Pur senza tirare in ballo il consigliere regionale leghista Angelo Ciocca, eletto con 19mila voti, più di quelli ottenuti da Renzo Bossi, fotografato dai carabinieri del Ros con il presunto boss della 'ndrangheta lombarda Pino Neri, Maroni sa meglio di chiunque altro ciò che, dopo anni di scontri di potere, ha portato in Lombardia il sodalizio con Roberto Formigoni, Comunione e Liberazione, la Compagnia delle Opere e tutto il mondo degli affari che vi ruota intorno. Se la testimonianza dell'ex assessore regionale alla Sanità del suo partito Alessandro Cé, cacciato da lui e da Bossi, non gli basta, gli consigliamo la lettura di un titanico saggio di Ferruccio Pinotti in uscita per i tipi di Chiarelettere, La lobby di Dio.

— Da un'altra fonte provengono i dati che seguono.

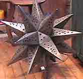 and tin and glass wall sconces. Hand punched tin stars and hanging
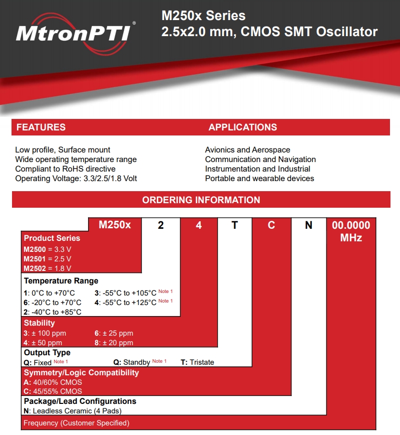 MTRONPTI晶振規格 單位 M250x晶振 石英晶振基本條件

A Gudo Gambaredo, frazione della Platì mafiosa del nord, viveva il leader carismatico di Cl don Luigi Giussani. Del suo movimento Formigoni è oggi il politico di riferimento e la Compagnia delle Opere il braccio armato in affari non sempre cristallini. In una rete di potere e di interessi quantomeno opaca spesso spuntano le cosche federaliste milanesi. Difficilmente Maroni può negare che il patto con il formigonismo sembra saldare la fusione della forza popolare della Lega con la destra cattolica propensa agli affari, in una specie di partito cristiano di massa. Forse, come sospetta il politologo Giorgio Galli, la forza del conservatorismo di radice giussaniana è arrivata al punto di modificare il Dna della Lega Nord, che dopo le ampolle e i riti celtici si è impregnata di tradizionalismo cattolico. E forse in qualche sua parte anche di affarismo sul modello CdO.